Reduction pathway-dependent cytotoxicity of reduced graphene oxide

The environmental transformation of graphene oxide (GO) can significantly change its physicochemical properties, thus altering its toxicity. Here, we demonstrated how exposure to simulated sunlight or reduction with ferrous iron (Fe2+, an environmentally abundant and mild reductant) significantly impacts the cytotoxicity of GO. GOs were reduced under both sets of conditions, but the Fe2+-reduced GO showed dramatically lower cytotoxicity than did the light-reduced GO. A highly reactive graphene-based radical was generated when GO was exposed to light, and this radical significantly contributed to cell membrane oxidation. Moreover, light-induced reduction promoted breakage of the graphene sheet, decreasing the lateral size and increasing the ability of the material to disrupt the membrane, which consequently enhanced cellular uptake.
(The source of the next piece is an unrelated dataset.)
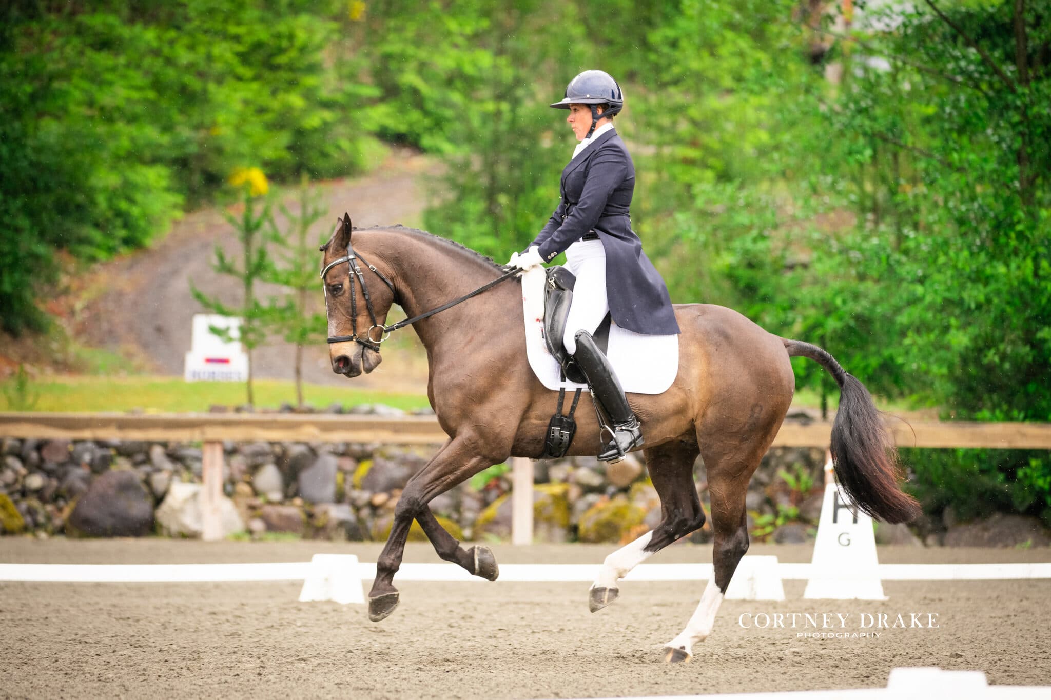 “He was really good,” said Nielson. “We’ve been working hard. He’s a new horse to me. We had a really steady test in the 2*-Long at Twin Rivers in April, so we tried to add a little more pizazz to it today and the judges liked it.” She is excited by the 7-year-old Mecklenburg gelding’s prospects this weekend. “I’d like to thank his owners, Black Diamond Partners, Becky, and Jim–it wouldn’t be possible without them!”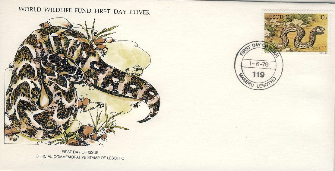 The Ringhals cobra snake Africa MASERU LESOTHO 1979 Stamp World Wildlife Fund First Day Cover FDC refWWF72

Interestingly, we observed a loss of C-O-C/C-O groups but an increase in C?O/O-C?O groups during Fe2+ reduction; these alterations improved the radical quenching capacity of the material due to the restored sp(2) structure and the increase in electron-shuttering groups. Reduction-induced aggregation significantly decreased cellular uptake relative to the internalization of the parent GO. These results emphasize that environmental transformation-induced property changes should be given adequate consideration in the risk assessment of GO.